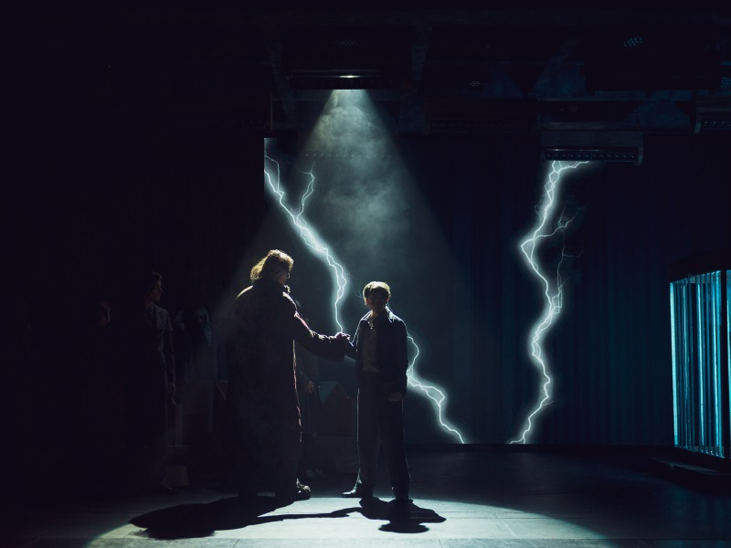 Но, если отвлечься от схожести с предыдущими постановками театра Музкомедии и сосредоточиться на новизне, то сразу бросается в глаза совершенно другая сценография. Если в предыдущих мюзиклах это были роскошные, постоянно сменяемые декорации, то здесь царствует минимализм и простота. Несколько скамеек, превращающиеся то в операционный стол, то в гробы, то в кафедру и… на этом всё. По сути, пустое пространство сцены. Основное оформление тут заключается в резком прозекторском свете (художник по свету Иван Виноградов) и экранах – прием, часто используемый последние годы во всех театрах страны. На этих экранах (художник-аниматор Илья Старилов), расположенных с трех сторон и образующих «коробку», транслируется нужный контент, мгновенно создающий нужную атмосферу. Подобный прием Алексей Франдетти максимально плотно использовал в другом своем мюзикле – «Дорогой мистер Смит» в петербургском театре «Приют Комедианта». С одной стороны, это создавало впечатление упрощенности картинки, а с другой подкупало своей простотой и эффективностью – зачем нагромождение декораций, если основное происходит в душе героев и в их поступках. За зрелищность отвечали также взрывы, молнии и открытый огонь в сценах оживления Создания и Элизабет.
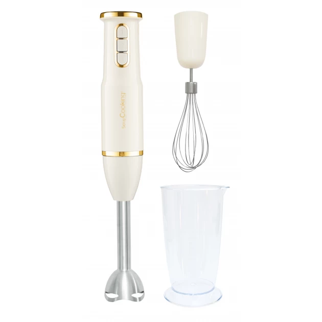 Simple d’utilisation, ce mixeur plongeant répondra à toutes vos attentes. D’une dimension de 42 cm de long pour 5,5 cm de diamètre, le mixeur Scrapcooking est livré avec plusieurs accessoires. Vous retrouverez ainsi un verre doseur en plastique de 700 ml, un broyeur ainsi qu’un fouet inox. La particularité de ce mixeur plongeur est qu’il dispose également d’un hachoir de 500 ml avec des lames en inox.
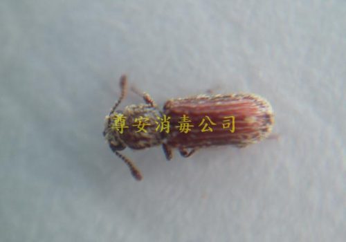 粉蠹蟲(背部) 破壞產生的木頭粉削 線板破壞的情況 粉蠹蟲簡略說明: 與蠹蟲習性相同,是
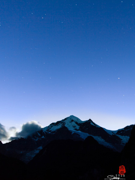 早起运气不太好,冻得要死,但是云彩太多,没有拍到漂亮的日照金山。乘车到了雨崩,开始爬山。高原爬山真不是盖得,一边克服高反,一边克服劳累。如果觉得自己不行,果断骑骡子上山,自己走下山到雨崩,骑骡子上山好像是235一个人,背包另外收费,都是明码标价不议价的。基本上要6个小时到上雨崩,劳累了一天,晚上陪老公拍了一晚上星星,星星是bulingbuling的,而且这边没有光污染,晚上就是一片漆黑,配上骡子,马,牛脖子上的铃铛响,简直就是仙境。爬山的时候觉得雨崩是地狱,到了雨崩村才发现原来雨崩就是天堂。

——

→ **What is needed**
From the first line to the last, write out the data above exactly. Omit the pictures.

→ **Solution for this task**
 Но, если отвлечься от схожести с предыдущими постановками театра Музкомедии и сосредоточиться на новизне, то сразу бросается в глаза совершенно другая сценография. Если в предыдущих мюзиклах это были роскошные, постоянно сменяемые декорации, то здесь царствует минимализм и простота. Несколько скамеек, превращающиеся то в операционный стол, то в гробы, то в кафедру и… на этом всё. По сути, пустое пространство сцены. Основное оформление тут заключается в резком прозекторском свете (художник по свету Иван Виноградов) и экранах – прием, часто используемый последние годы во всех театрах страны. На этих экранах (художник-аниматор Илья Старилов), расположенных с трех сторон и образующих «коробку», транслируется нужный контент, мгновенно создающий нужную атмосферу. Подобный прием Алексей Франдетти максимально плотно использовал в другом своем мюзикле – «Дорогой мистер Смит» в петербургском театре «Приют Комедианта». С одной стороны, это создавало впечатление упрощенности картинки, а с другой подкупало своей простотой и эффективностью – зачем нагромождение декораций, если основное происходит в душе героев и в их поступках. За зрелищность отвечали также взрывы, молнии и открытый огонь в сценах оживления Создания и Элизабет.
 Simple d’utilisation, ce mixeur plongeant répondra à toutes vos attentes. D’une dimension de 42 cm de long pour 5,5 cm de diamètre, le mixeur Scrapcooking est livré avec plusieurs accessoires. Vous retrouverez ainsi un verre doseur en plastique de 700 ml, un broyeur ainsi qu’un fouet inox. La particularité de ce mixeur plongeur est qu’il dispose également d’un hachoir de 500 ml avec des lames en inox.
 粉蠹蟲(背部) 破壞產生的木頭粉削 線板破壞的情況 粉蠹蟲簡略說明: 與蠹蟲習性相同,是
 早起运气不太好,冻得要死,但是云彩太多,没有拍到漂亮的日照金山。乘车到了雨崩,开始爬山。高原爬山真不是盖得,一边克服高反,一边克服劳累。如果觉得自己不行,果断骑骡子上山,自己走下山到雨崩,骑骡子上山好像是235一个人,背包另外收费,都是明码标价不议价的。基本上要6个小时到上雨崩,劳累了一天,晚上陪老公拍了一晚上星星,星星是bulingbuling的,而且这边没有光污染,晚上就是一片漆黑,配上骡子,马,牛脖子上的铃铛响,简直就是仙境。爬山的时候觉得雨崩是地狱,到了雨崩村才发现原来雨崩就是天堂。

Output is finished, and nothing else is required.